4. Sauver sa langue
La trilogie autobiographique est sans doute l'œuvre la plus accessible d'Elias Canetti. Un sommet du genre, qui force le respect par sa sagesse humaniste et le raffinement de sa composition, véritable lieu de mémoire de la culture européenne du xxe siècle où l'on rencontre Karl Kraus et George Grosz, Hermann Broch, Robert Musil, Alma Mahler et Alban Berg, sans parler des figures moins connues qui comptèrent autant, voire plus encore, dans l'existence de l'auteur. L'amour et le respect de la langue, l'ouverture vers autrui qui permet à cette autobiographie de s'affranchir du narcissisme, l'exceptionnelle valeur de témoignage d'un itinéraire qui traverse quelques-uns des plus hauts lieux de l'histoire culturelle de tout un siècle : autant de traits qui font de cet ensemble la meilleure introduction à l'œuvre de Canetti.

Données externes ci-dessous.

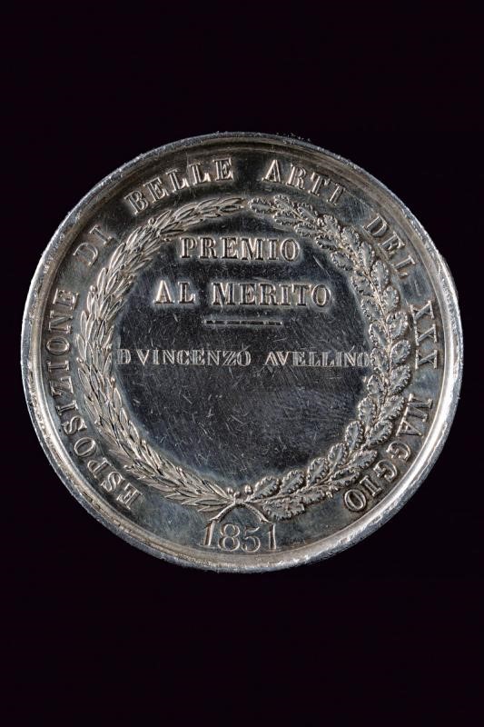 Prize medal at the 30th May Fine Arts Exhibition, made of silver. On the obverse a bust (right) with inscription "FERDINANDO II RE DEL REGNO DELLE DUE SICILIE E DI GERUSALEMME". Opus Cariello and Ciccarelli. On the reverse "ESPOSIZIONE DI BELLE ARTI DEL X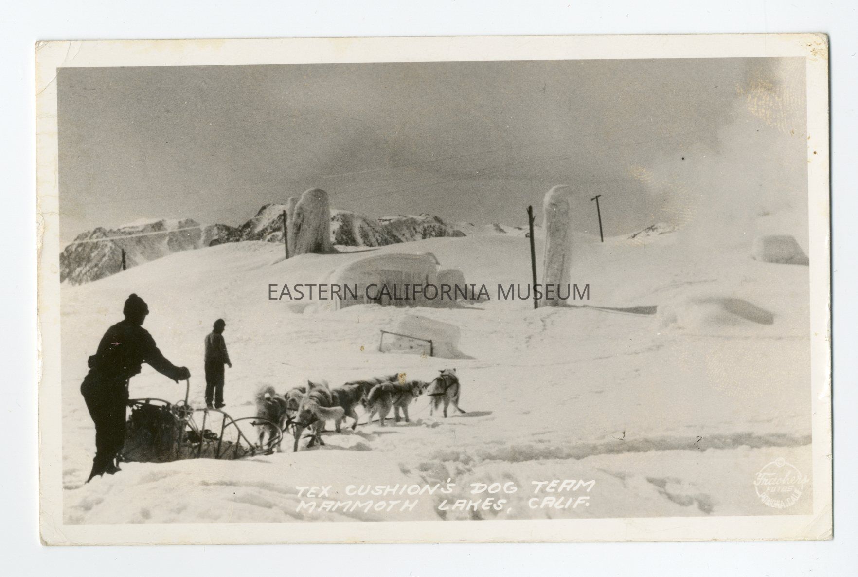 Photo postcard titled, "Tex Cushion's Dog Team, Mammoth Lakes, Calif." it shows two people and a dog sled team in a snowy landscape. Photographer was Burton Frasher of Pomona.

Le « traumatisme fondateur » d'une existence qui sera consacrée au culte du langage est raconté au seuil du premier volume de l'autobiographie, La Langue sauvée (1977). L'amant de sa gouvernante dit à l'enfant de deux ans, pour obtenir qu'il fasse silence sur leurs rendez-vous galants : « Fais voir ta langue », sort son canif et déclare : « Maintenant, on va la lui couper. » Canetti raconte sa terreur d'enfant, mais ne l'analyse pas : ce serait affaiblir la magie du souvenir. La force de son écriture autobiographique tient justement à cet équilibre subtil entre l'explicite et le non-dit. L'autre grande crise survient lorsque le petit garçon, à qui sa cousine n'a pas voulu montrer ses cahiers couverts de lettres écrites à l'encre bleue, ne supporte pas qu'elle lui dise : « Tu es trop petit ! Tu ne sais pas encore lire ! », prend une hache et fait mine de vouloir la tuer. « Je crois bien que l'on comprit la très forte attirance que j'éprouvais pour l'écriture : c'étaient des Juifs et ils éprouvaient donc tous un intérêt tout particulier pour „l'écriture“ . » L'enfant a compris que pour sauver sa vie, il faut sauver sa langue.